Excerpted records

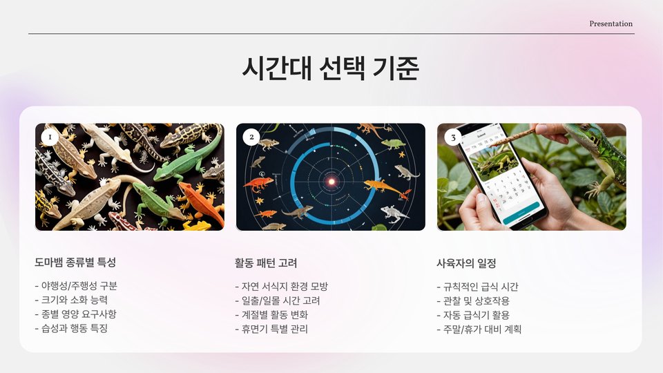 첫 번째 기준: 도마뱀의 종류에 따른 밥주는 시간
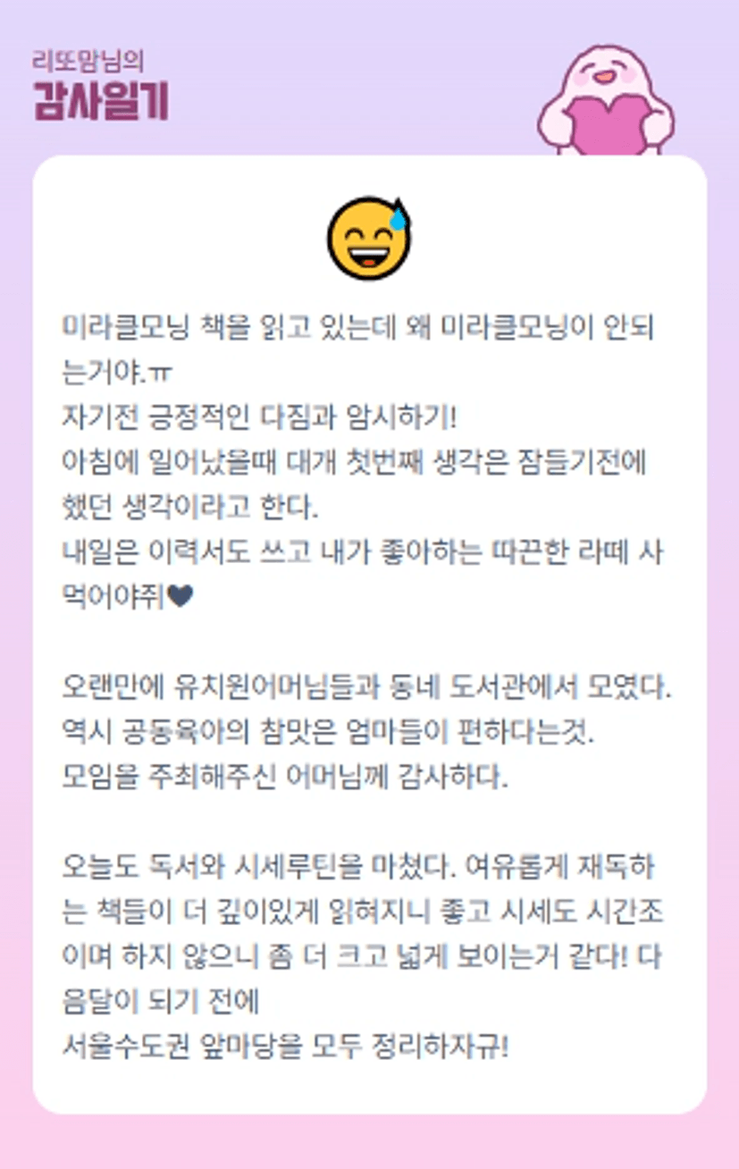미라클모닝 안 하면 어때유 할 일 다 하고 있는데 이력서 내고 마시는 라떼 넘 맛나겠당!!!
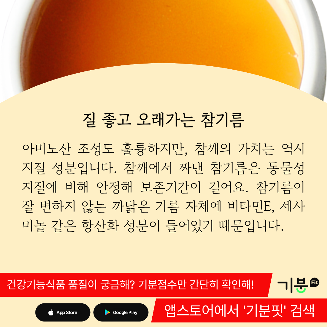 참기름이 잘 변하지 않는 까닭은 기름 자체에 비타민E가 풍부하고 세사미놀 같은 항산화 성분이 들어있기 때문이다.
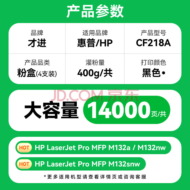 商品相册:才进适用惠普M132a硒鼓LaserJet Pro MFP M132fw/fn/fp墨盒M104a/w打印机HP18a碳粉CF218a粉盒M132nw M132snw第1张/共7
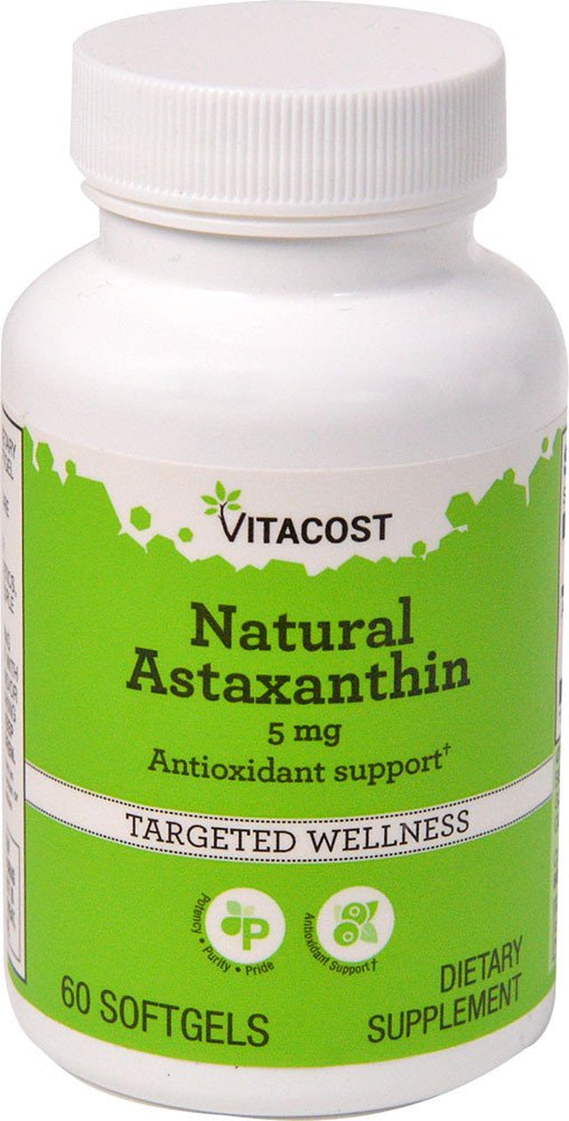 - Provides 5 mg of astaxanthin per single-softgel serving.
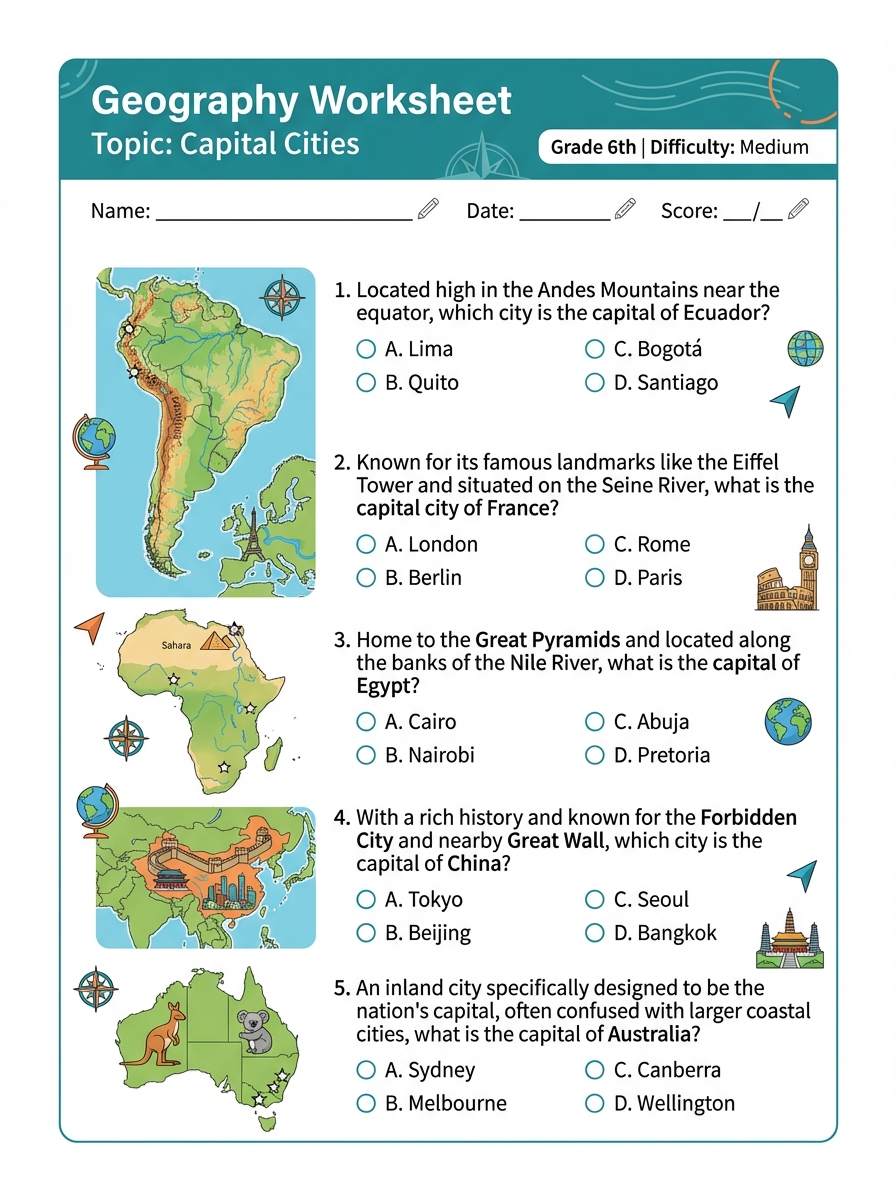 Describe your topic, pick your grade, and get a beautifully illustrated, print-ready worksheet in a couple of minutes. No design skills. No templates. Just magic.
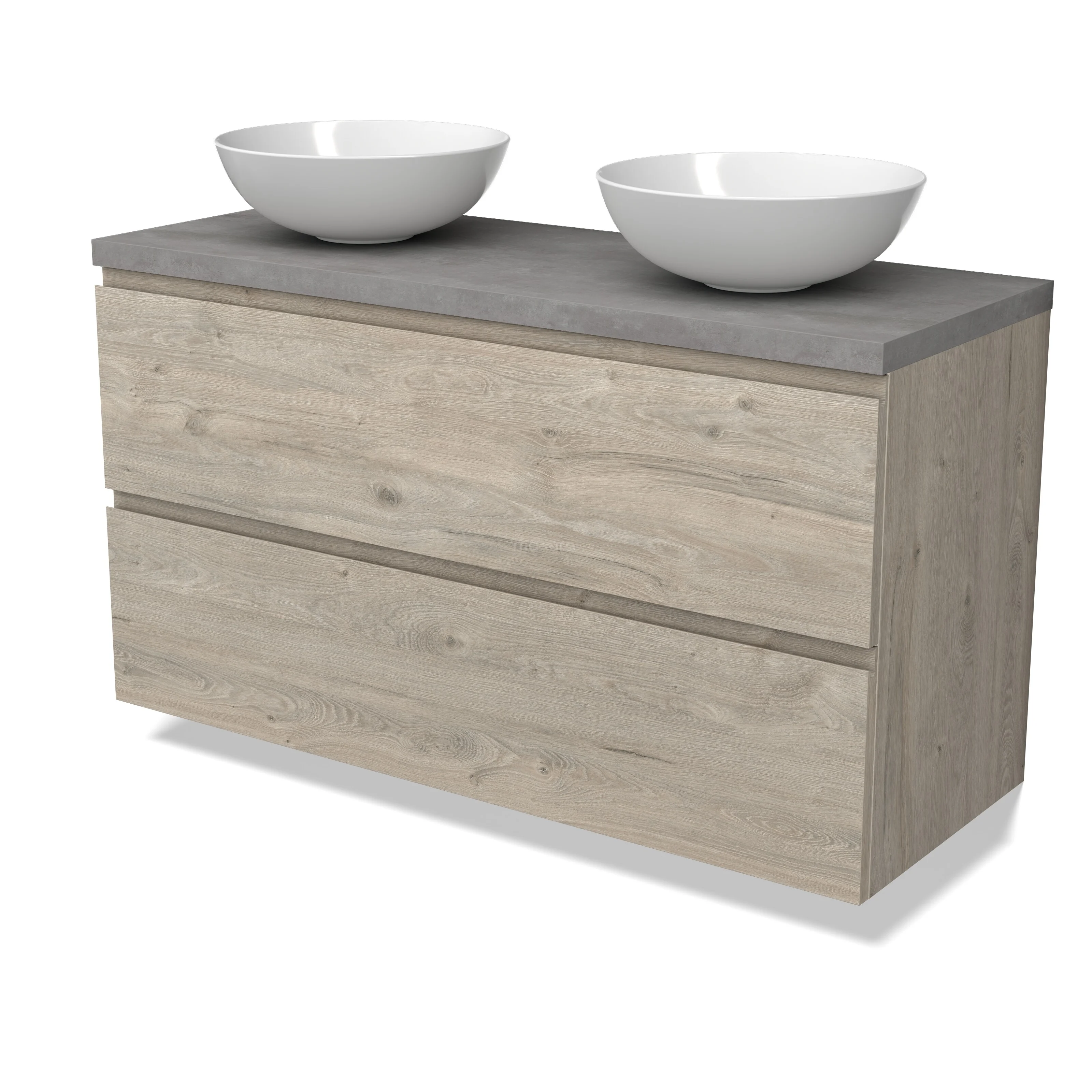 Modulo Plato Badmöbel mit Aufsatzwaschbecken | 120 cm Hellgraue Eiche Grifflos front Hellgrauer Beton blatt 2 übereinanderliegende Schubladen
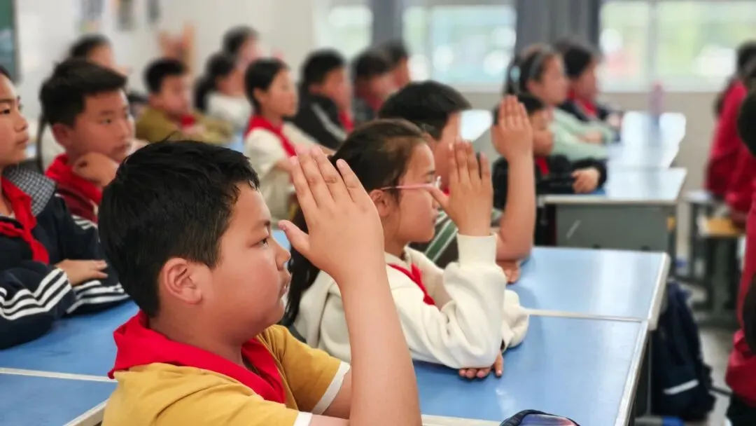 同学们把手举得高高的
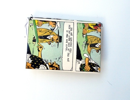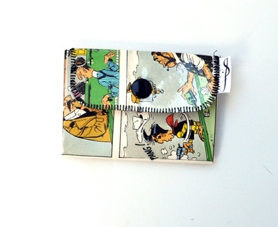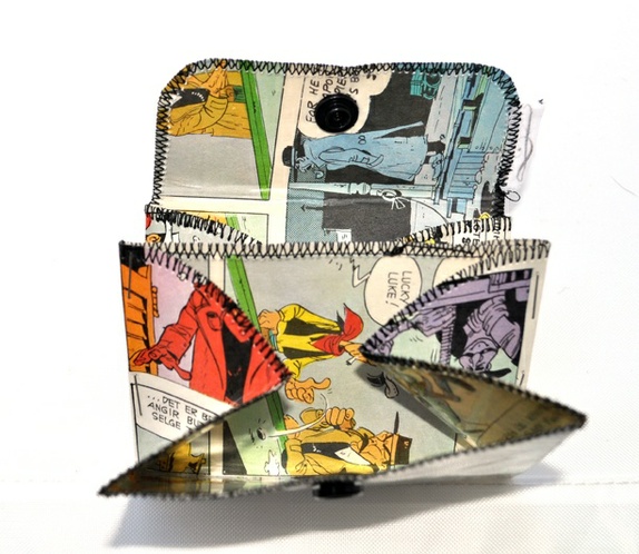 Denne lommeboken er laget av en gammel tegneserie side som har blitt laminert for å gjøre den holdbar. Den har to rom og plass til både bankkort, mynter og sedler.
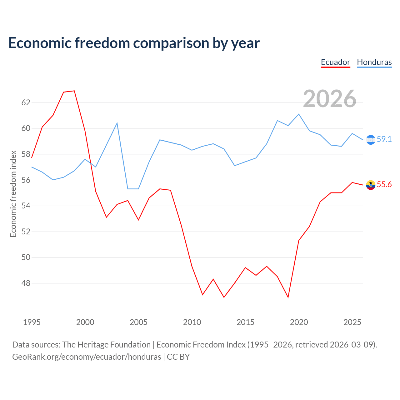Data sources: The Heritage Foundation | Economic Freedom Index (1995–2026, retrieved 2026-03-09).

Task objective
With pictures omitted, reproduce exactly the lines from the line containing "미라클모닝 안 하면 어때유" through the end of the data above.

Result of the task
미라클모닝 안 하면 어때유 할 일 다 하고 있는데 이력서 내고 마시는 라떼 넘 맛나겠당!!!
 참기름이 잘 변하지 않는 까닭은 기름 자체에 비타민E가 풍부하고 세사미놀 같은 항산화 성분이 들어있기 때문이다.
 商品相册:才进适用惠普M132a硒鼓LaserJet Pro MFP M132fw/fn/fp墨盒M104a/w打印机HP18a碳粉CF218a粉盒M132nw M132snw第1张/共7
 - Provides 5 mg of astaxanthin per single-softgel serving.
 Describe your topic, pick your grade, and get a beautifully illustrated, print-ready worksheet in a couple of minutes. No design skills. No templates. Just magic.
 Modulo Plato Badmöbel mit Aufsatzwaschbecken | 120 cm Hellgraue Eiche Grifflos front Hellgrauer Beton blatt 2 übereinanderliegende Schubladen
 同学们把手举得高高的
 Denne lommeboken er laget av en gammel tegneserie side som har blitt laminert for å gjøre den holdbar. Den har to rom og plass til både bankkort, mynter og sedler.
Data sources: The Heritage Foundation | Economic Freedom Index (1995–2026, retrieved 2026-03-09).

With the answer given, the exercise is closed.